Dr. Gantar’s original ideas for the show involved using the Sir James Dunn Theatre. Unfortunately, the safety restrictions that are in place made this impossible.
“We had to rejig our plan all-together. We had a totally different sense of how the space would work, which would have been very interesting. . . so then we had to redo it.”
To keep the Expressionist style, the production team was forced to come up with a new vision. Their plan, according to Dr. Gantar, is to make the show “look like a cross between German Expressionism of the 1920s and a graphic novel of the era.”
“You have to adjust to the fact that you are not giving the audience much freedom in terms of what to view,” explains Dr. Gantar. By placing the actors in comic-style panels, the intention is to provide audiences with opportunities for their eyes to wander in the same way that an in-person performance would.
Dr. Gantar says that this approach “will embrace the idea of Zoom theatre in a sense. Rather than fight the boxes, [the production will] make the boxes into a strength.”
Since the visuals are somewhat limited, the show places greater emphasis on audio. Luckily, Treadwell wrote specific sound cues that provide Technical Theatre students with exciting opportunities for foley effects.

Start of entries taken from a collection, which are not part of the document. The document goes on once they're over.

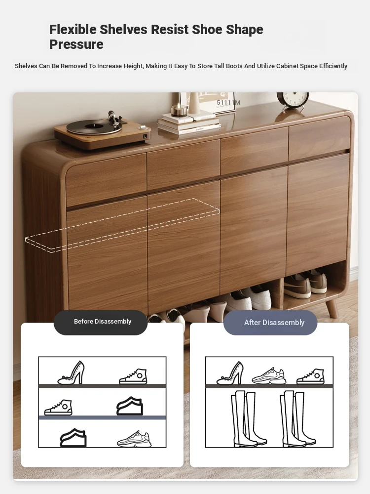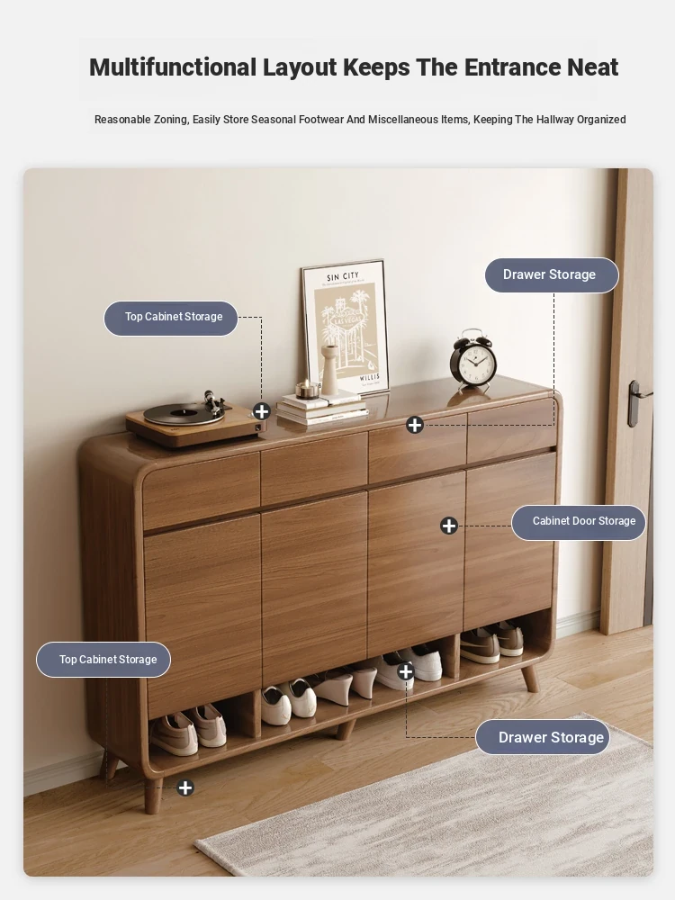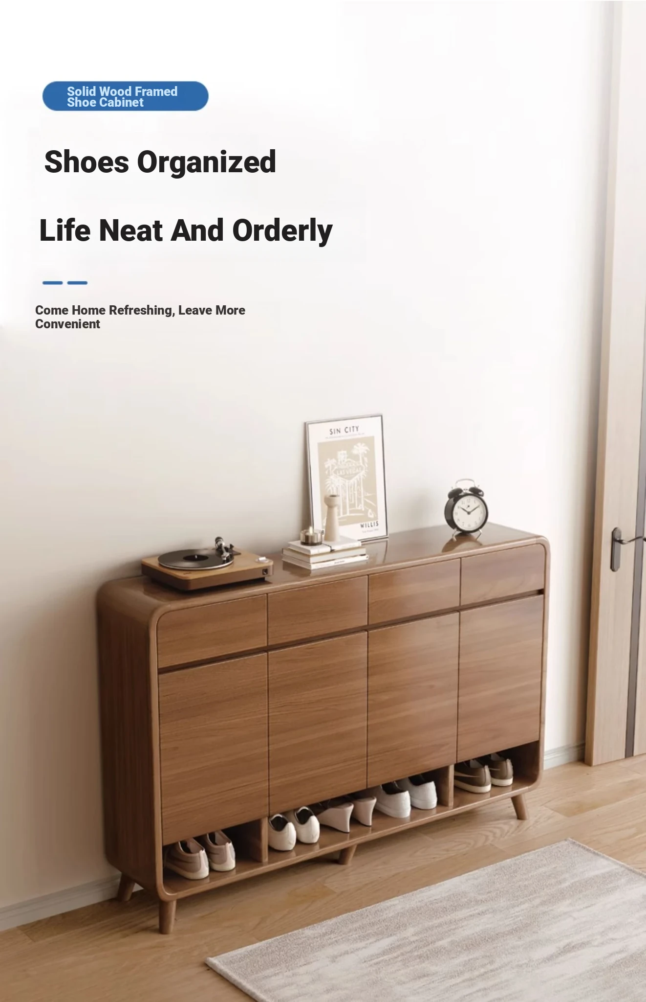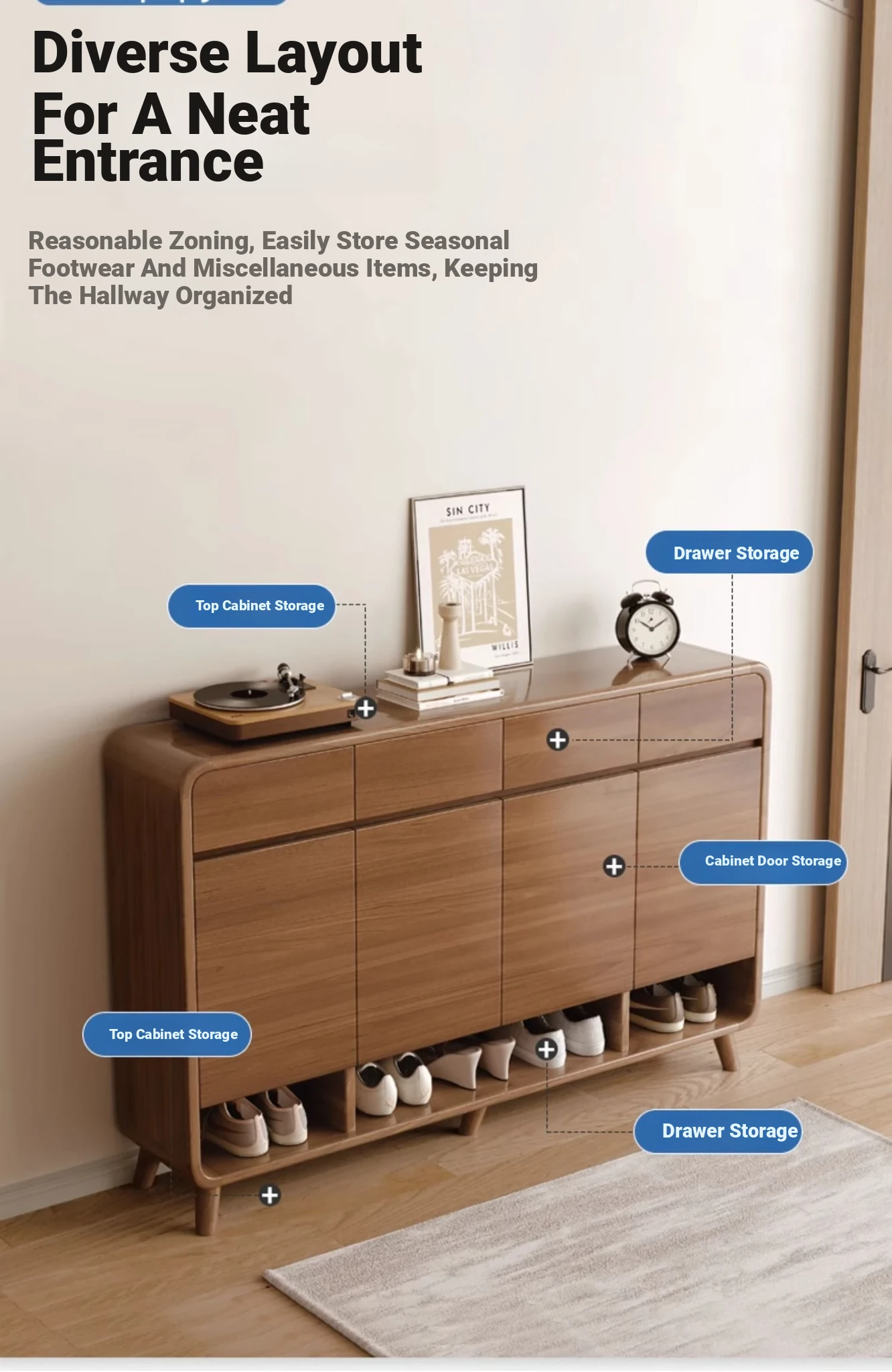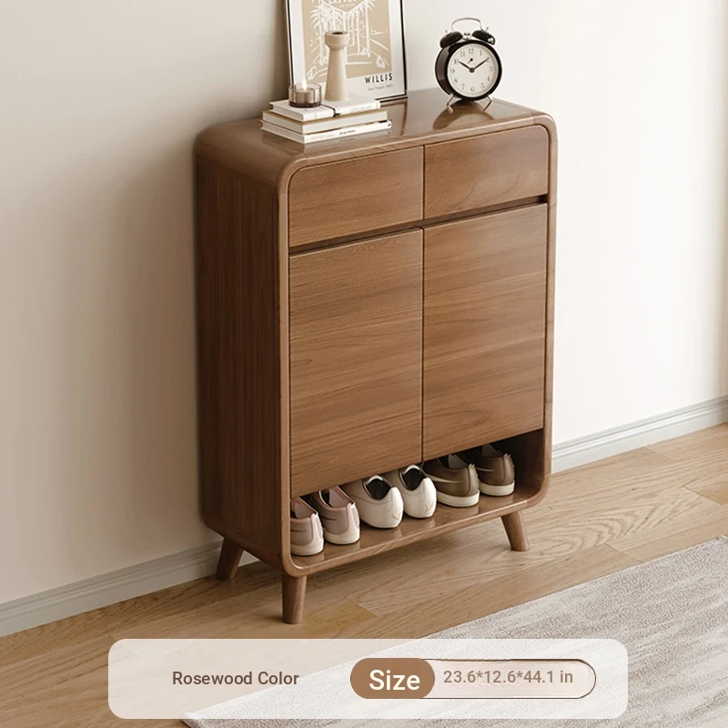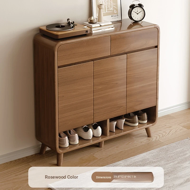Elegant New Chinese Style Shoe Cabinet - Multifunctional Indoor Dustproof Storage Unit, Space-Saving Wall-Mounted Design, Multi-Layer Home Use Solid Wood Shoe Rack for Economical Living Spaces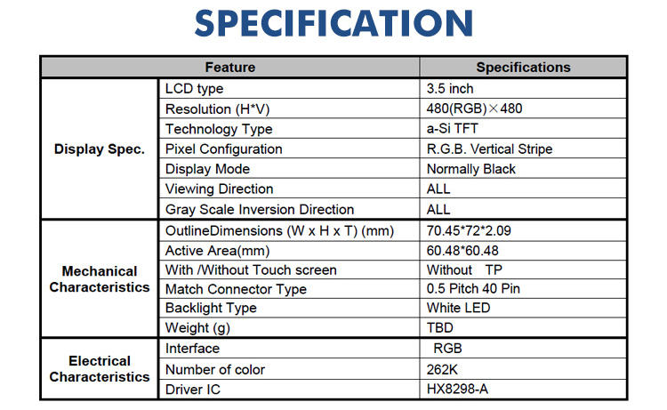 Écran LCD RGB de 3.5 pouces personnalisé en usine ET034WV01-G avec kits de carte de lecteur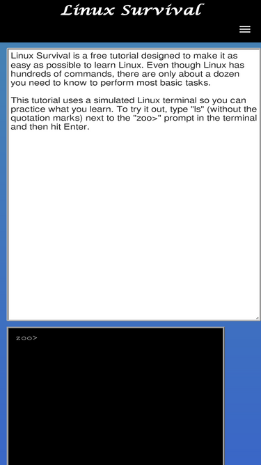 98%linux survival is a free interactive online linux tutorial. it includes a linux console simulator where you can type commands and see the results. learning linux is easy when you get hands-on practice.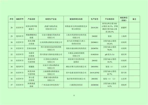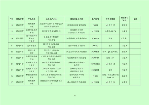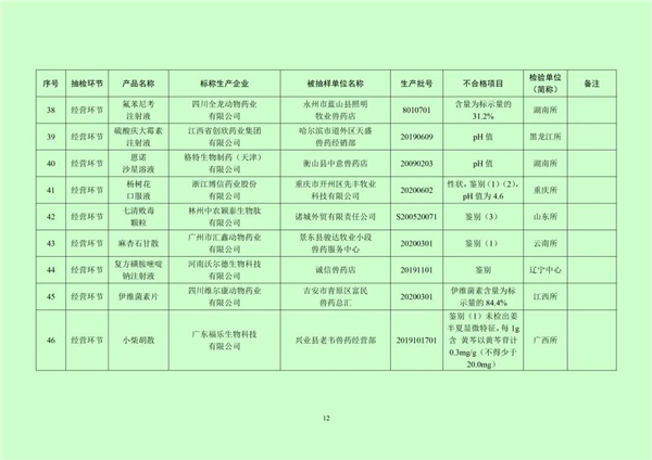农业农村部办公厅关于2021年第一期兽药质量监督抽检情况的通报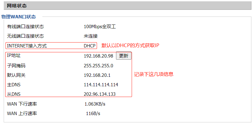 路由器WAN口默认是DHCP方式获取IP地址,为便于对路由器维护调试,建议改为静态IP地址。网页点击操作:“状态”--“系统信息”--“物理WAN口状态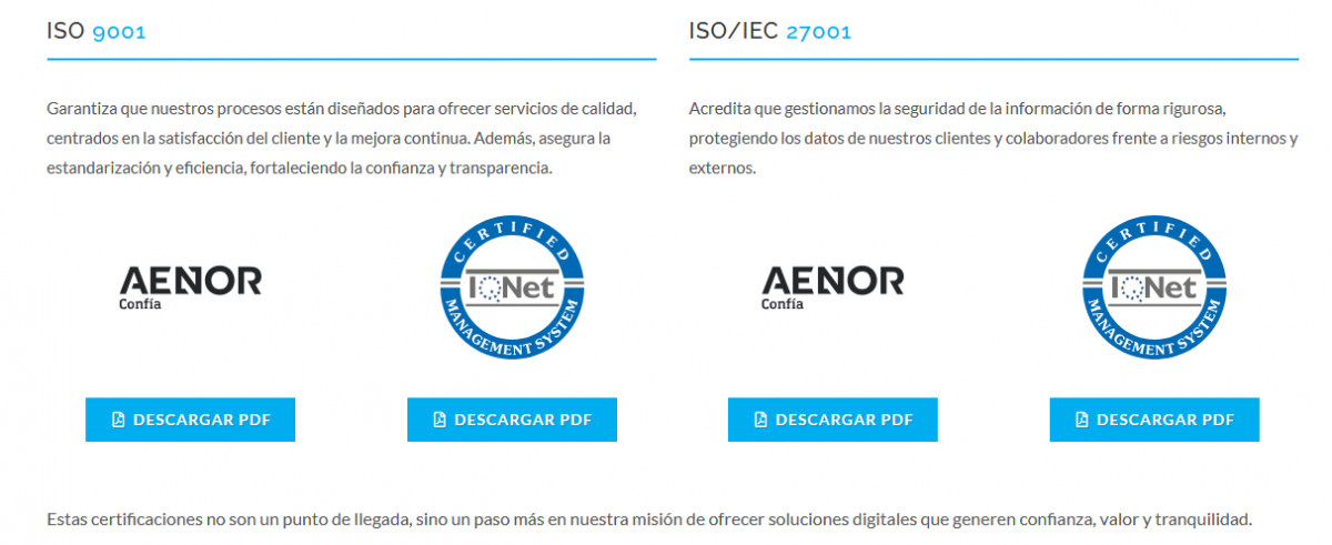 Esto sigfnifica, cara a nuestros clientes, que nuestros servicios a partir de este momento están de alguna manera, protegidos con una norma que hace que seamos más fiables, más seguros y más transparentes debido a que los mismos han sido auditados, documentados y optimizados.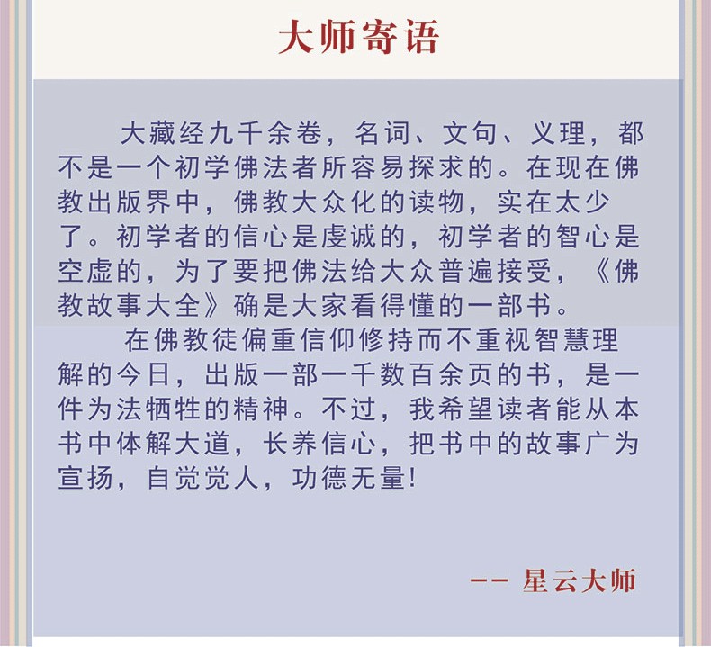 《佛教故事大全》是全面佛教故事的結集,收錄近五百篇佛教故事,台灣佛光山5位佛子傾心編撰。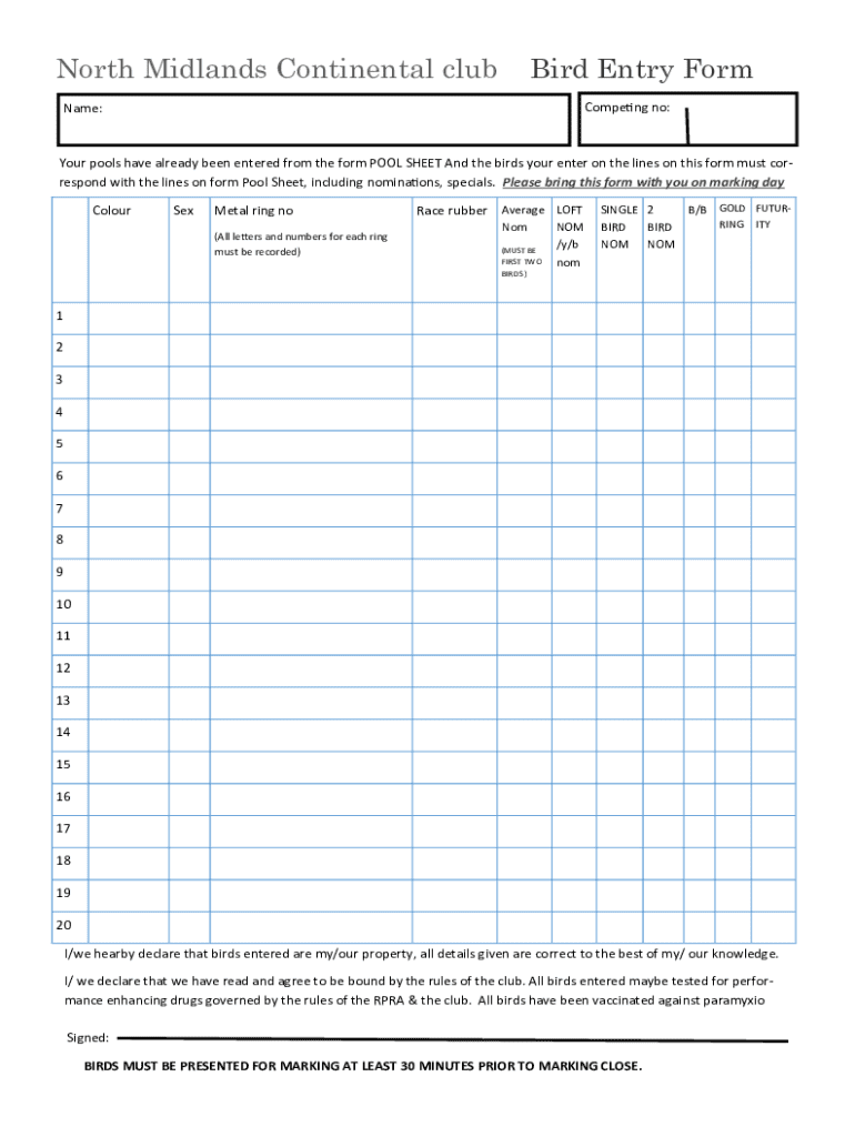 Get the free North Midlands Continental Club Bird Entry Form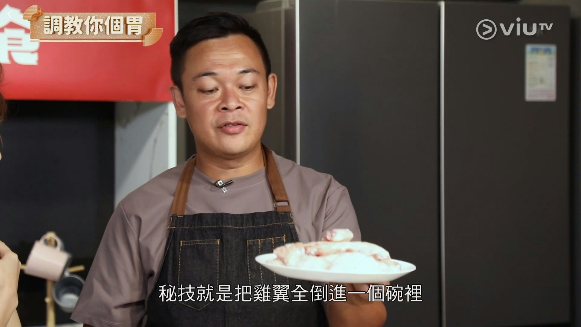 他說:「在裡面𠝹兩刀,基本上雞翼就會很快熟,因為它的肉已全部外露。(ViuTV《今晚趁熱食》節目截圖)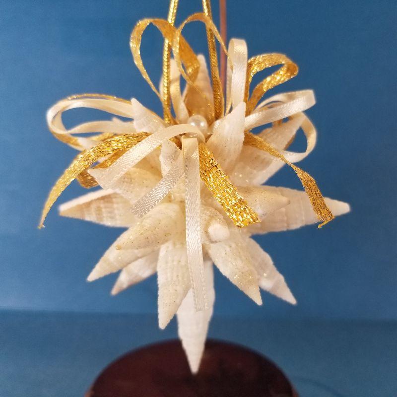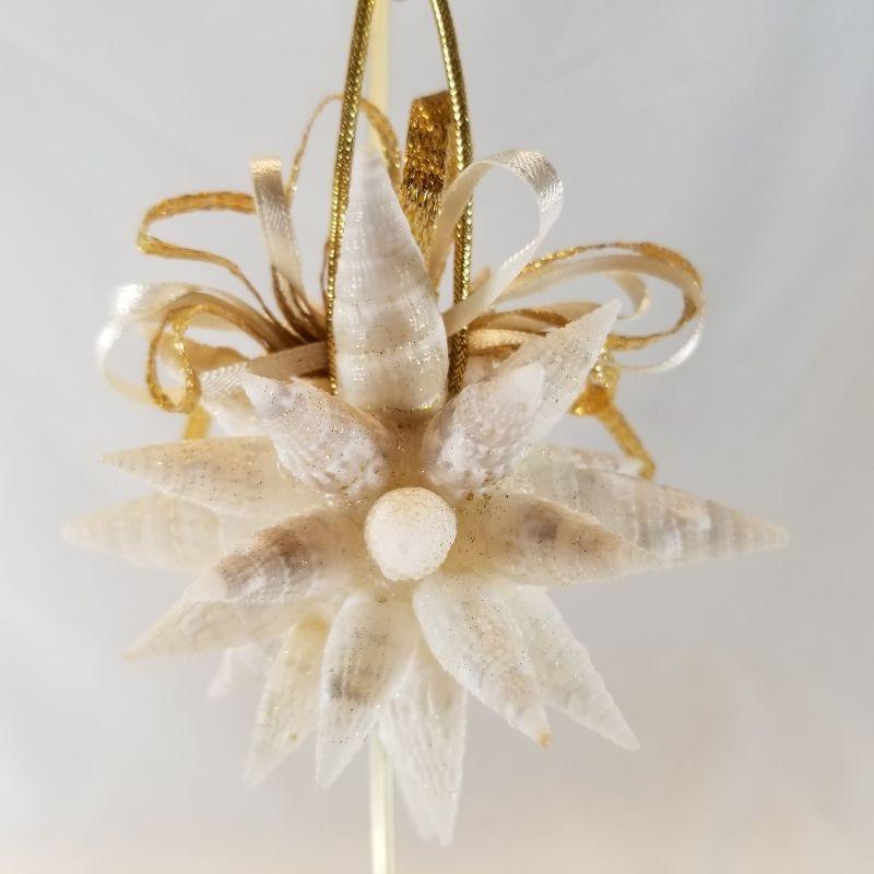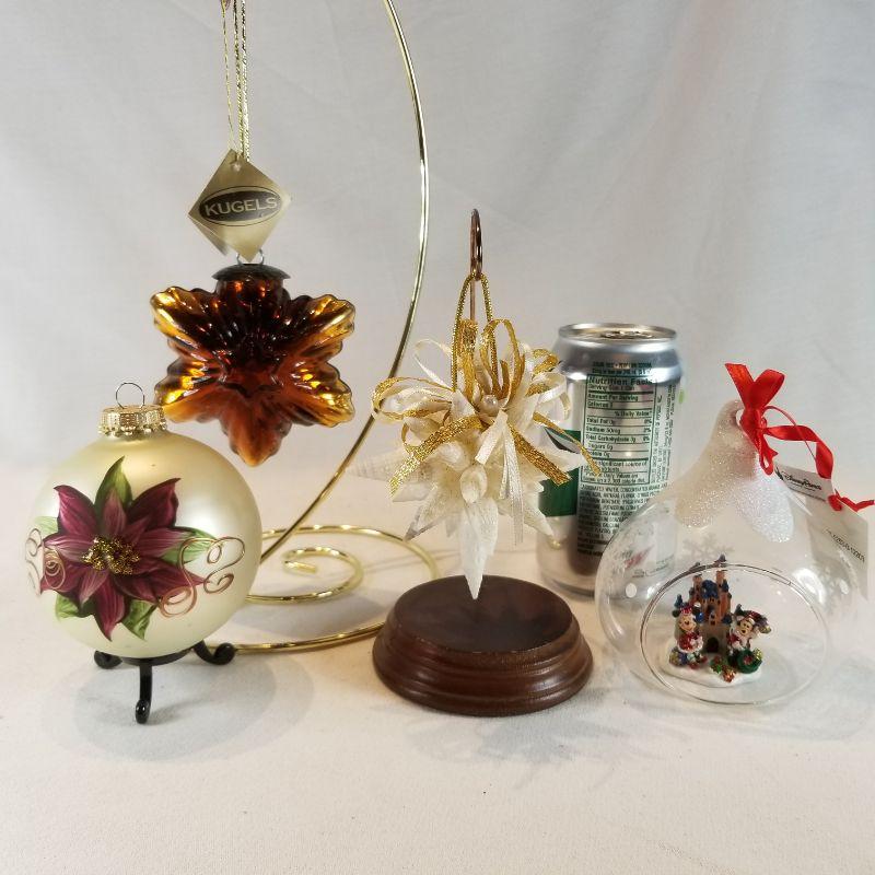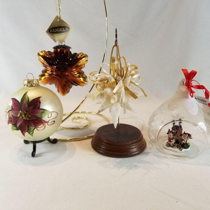 Set of 4 very special ornaments. The large glass star is a German Kugel, the Ivory ornament is a hand-painted Poinsettia, the middle ornament is a hand-made star using sea shells and ribbon - quite gorgeous and the fourth is a hand-blown glass globe with Disney characters - very cute. All are in very good condition and appear to be new. Ornament stands are NOT included.

The play represents a new directorial approach for Dr. Gantar, who has been teaching at Dalhousie University since 1992. “Usually when you do a show, there’s always pieces that you’ve seen elsewhere. You teach appropriation as an artistic strategy,” he says. “In this particular case, none of us have ever seen it [before].”
One of the biggest innovations is the technique required of the performers. Not only is the acting in a specific Expressionist style, but it also needs to be suitable for being viewed through a screen.
“I’m finding that because you don’t have to block the whole body, but only parts of it, you pay much more attention to details,” notes Dr. Gantar. One example he gives is about how the actors simulate a change in their position. “The actors never sit down, ever. They stand the whole play, no one lies [down], but their attitude is as if they were sitting down. So the actor drops her shoulder, and because you only see [the top part of her body], it looks like she just sat down.”
Somers, a fourth-year Theatre Studies student, views the production as an important learning opportunity.
“I wasn't sure what to expect from helping to create a digital piece of theatre, but I was happy to find I wasn't entirely like a fish out of water. It takes a lot more thinking ahead than the kind of live exploration I'm used to, but it's been a really valuable thing to try and work through.”
That feeling Somers speaks to ¬– the fear of being out-of-place in a world dominated by the encroachment of technology – is right at home in a play like Machinal.
Ultimately, Dr. Gantar hopes that audiences will appreciate the novel experience as much as the production team does.
“I hope that they’ll get caught up in a different way of telling a narrative. I hope they’ll figure out that there’s many ways of telling a story, and that you can go outside the box and be creative in an approach. You don’t have to expect something predictable.”
Machinal can be viewed for free from December 1 to 5 through Vimeo.